Western Migration
Part I: Why take the Oregon Trail?
The Oregon Trail was not one trail but a lot of trails that took people to different places.
Distance: about 2170 miles
Duration: 4-6 months
Average miles per day: 15 miles
Math Activity
Oxen move about 2 miles an hour. If your wagon train went 15 miles a day, how many hours a day did you have to walk?
Why take the Oregon Trail?
Settler went for different reasons including:
Let’s take a look at these three main reasons.
Why go for Money & Land?
Farming in Lane County
Many early Oregon settlers got free land from the US government, but they had to farm to keep it.
Wheat, corn, potatoes, grapes and onions were all popular crops to grow for sale. They also grew vegetables for their families, herbs and medicinal plants.
Math Activity
A farm produced:
40 pounds of grapes
320 pounds of wheat
160 pounds of corn
Challenge Questions
Orchards
Many people planted orchards to make money. Cherries, hazelnuts (filberts), plums and pears all grew well in Oregon.
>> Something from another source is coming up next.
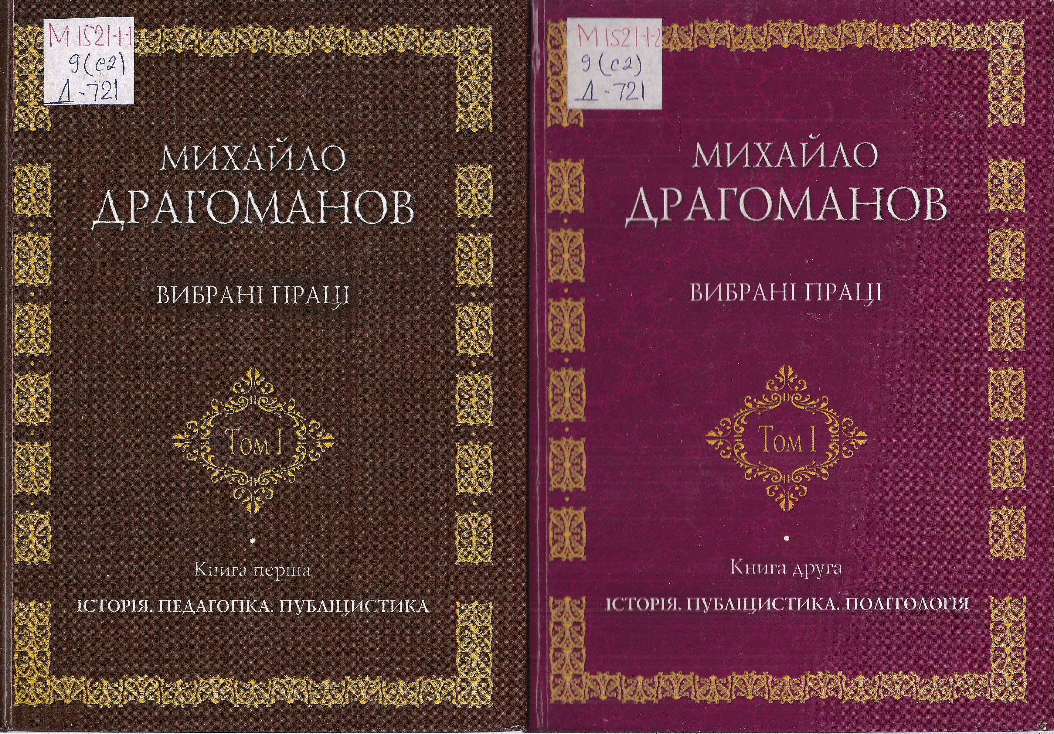 - Драгоманов М. Вибрані праці : у 3 т. Т. 1. Кн. 2: Історія. Публіцистика. Політологія / М. Драгоманов. – Київ : Знання України, 2007. – 270 с.

Oregon is the birthplace of the Bing Cherry - one of the most popular cherries in the world!
Math Activity:
You bought 11 cherry, 15 plum, 4 pear and 10 apple trees for your orchard.
Challenge Questions:
Vocabulary you might need
Agriculture - the science of farming, including crops and animals.
Orchard - a piece of land planted with fruit or nut trees.
Plow - a farming tool used for cutting ruts in the soil for planting seeds or irrigation.
Irrigation - to provide water to crops.
Settler - a person who moves with a group to live in a new area.
Pioneer - person who is the first to explore or settle a new area.
Cultivate - prepare land for crops or gardening.
Crop - a plant grown for food.
Homestead - a house and land given to a person by the US government to farm.
Would you want a farm or an orchard? Explain your reasons.
What would you grow?
Why go for Religious Reasons?
The idea that the United States was special and God wanted its people to move West.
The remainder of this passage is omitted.